Source data:
────────────────────────────────────────

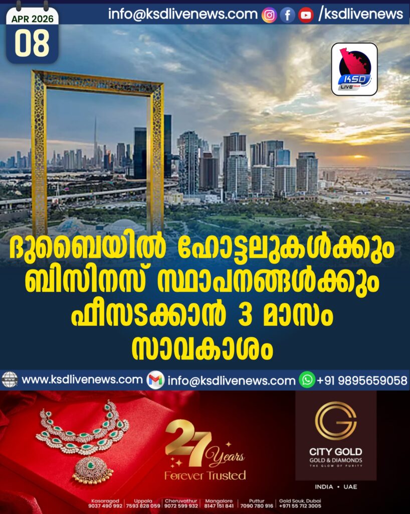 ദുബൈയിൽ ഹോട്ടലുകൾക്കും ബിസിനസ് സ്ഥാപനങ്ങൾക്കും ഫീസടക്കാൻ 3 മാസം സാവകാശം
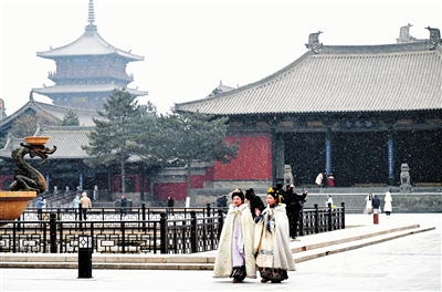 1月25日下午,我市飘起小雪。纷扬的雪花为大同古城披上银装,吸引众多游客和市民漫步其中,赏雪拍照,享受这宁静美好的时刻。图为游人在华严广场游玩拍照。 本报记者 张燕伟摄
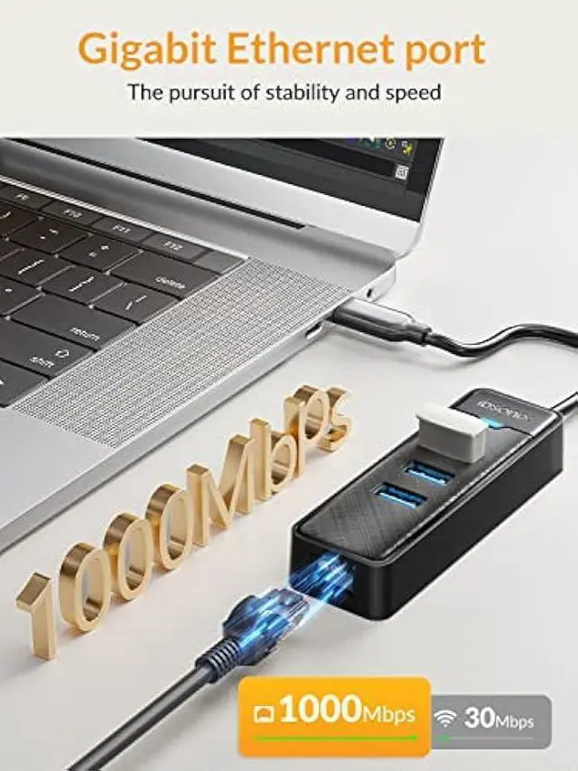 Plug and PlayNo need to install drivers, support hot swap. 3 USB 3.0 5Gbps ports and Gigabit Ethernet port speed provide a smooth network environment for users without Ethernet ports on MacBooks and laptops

────────────────────────────────────────

Requirement:
In transcribing the material above, reproduce each line exactly and include none of the pictures.

Answer below:
 ദുബൈയിൽ ഹോട്ടലുകൾക്കും ബിസിനസ് സ്ഥാപനങ്ങൾക്കും ഫീസടക്കാൻ 3 മാസം സാവകാശം
 1月25日下午,我市飘起小雪。纷扬的雪花为大同古城披上银装,吸引众多游客和市民漫步其中,赏雪拍照,享受这宁静美好的时刻。图为游人在华严广场游玩拍照。 本报记者 张燕伟摄
 Plug and PlayNo need to install drivers, support hot swap. 3 USB 3.0 5Gbps ports and Gigabit Ethernet port speed provide a smooth network environment for users without Ethernet ports on MacBooks and laptops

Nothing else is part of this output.